▶ _Problem_: As soon as the line containing "Na putu prema" appears in the material below, start returning lines exactly, and end with the line containing "那家公司的 2 个大股东固然认缴出资额分配得很好,但是认缴出资日期已经摆设到了".

▶ _Data for analysis_:
----
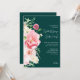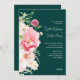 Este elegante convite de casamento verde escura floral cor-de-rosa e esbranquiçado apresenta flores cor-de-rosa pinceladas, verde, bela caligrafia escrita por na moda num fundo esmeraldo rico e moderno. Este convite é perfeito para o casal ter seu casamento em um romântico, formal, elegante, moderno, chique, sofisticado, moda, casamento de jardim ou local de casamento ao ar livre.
----
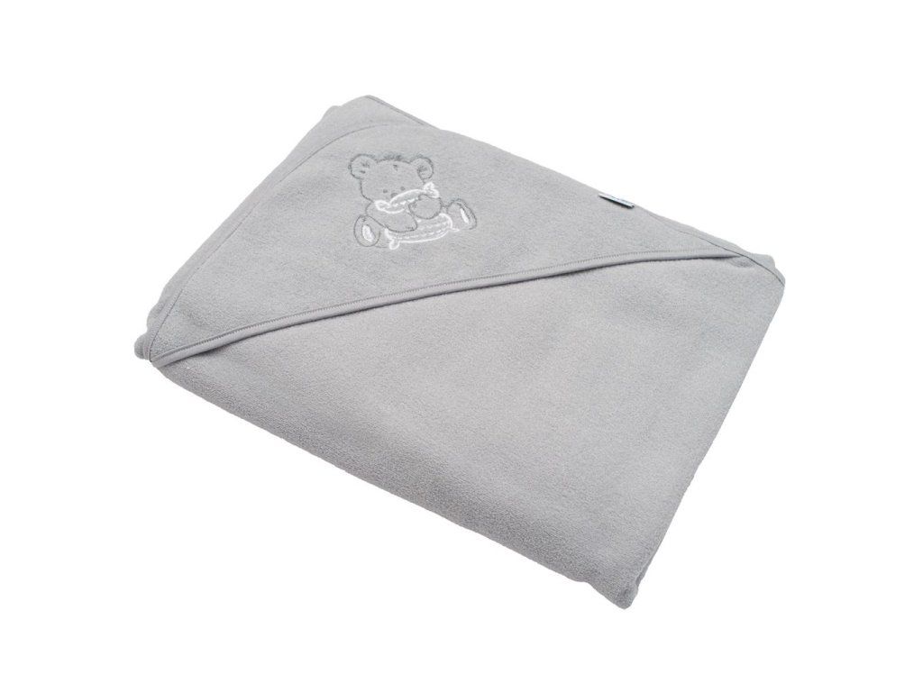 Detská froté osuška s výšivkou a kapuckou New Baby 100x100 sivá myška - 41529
----
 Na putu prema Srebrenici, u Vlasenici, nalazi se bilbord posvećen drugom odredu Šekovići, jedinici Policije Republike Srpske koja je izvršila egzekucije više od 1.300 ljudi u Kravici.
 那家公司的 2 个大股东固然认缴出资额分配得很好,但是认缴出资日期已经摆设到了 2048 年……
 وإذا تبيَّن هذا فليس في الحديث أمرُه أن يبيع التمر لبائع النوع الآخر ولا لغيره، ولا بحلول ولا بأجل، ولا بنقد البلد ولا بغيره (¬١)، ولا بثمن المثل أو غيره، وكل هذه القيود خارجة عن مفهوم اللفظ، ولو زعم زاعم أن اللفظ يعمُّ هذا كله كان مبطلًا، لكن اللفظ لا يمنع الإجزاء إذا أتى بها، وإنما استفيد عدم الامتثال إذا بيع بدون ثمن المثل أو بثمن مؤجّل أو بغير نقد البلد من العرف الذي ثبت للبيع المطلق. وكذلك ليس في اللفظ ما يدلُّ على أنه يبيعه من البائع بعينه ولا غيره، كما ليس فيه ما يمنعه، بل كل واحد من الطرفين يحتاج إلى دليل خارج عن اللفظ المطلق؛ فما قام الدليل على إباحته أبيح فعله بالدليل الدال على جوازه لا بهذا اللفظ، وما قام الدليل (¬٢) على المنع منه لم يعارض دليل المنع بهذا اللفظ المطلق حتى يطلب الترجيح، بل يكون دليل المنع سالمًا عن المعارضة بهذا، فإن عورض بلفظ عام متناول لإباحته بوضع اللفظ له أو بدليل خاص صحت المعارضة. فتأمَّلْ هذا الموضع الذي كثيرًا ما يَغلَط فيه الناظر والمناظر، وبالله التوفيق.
----
▶ _Response box_:
 Na putu prema Srebrenici, u Vlasenici, nalazi se bilbord posvećen drugom odredu Šekovići, jedinici Policije Republike Srpske koja je izvršila egzekucije više od 1.300 ljudi u Kravici.
 那家公司的 2 个大股东固然认缴出资额分配得很好,但是认缴出资日期已经摆设到了 2048 年……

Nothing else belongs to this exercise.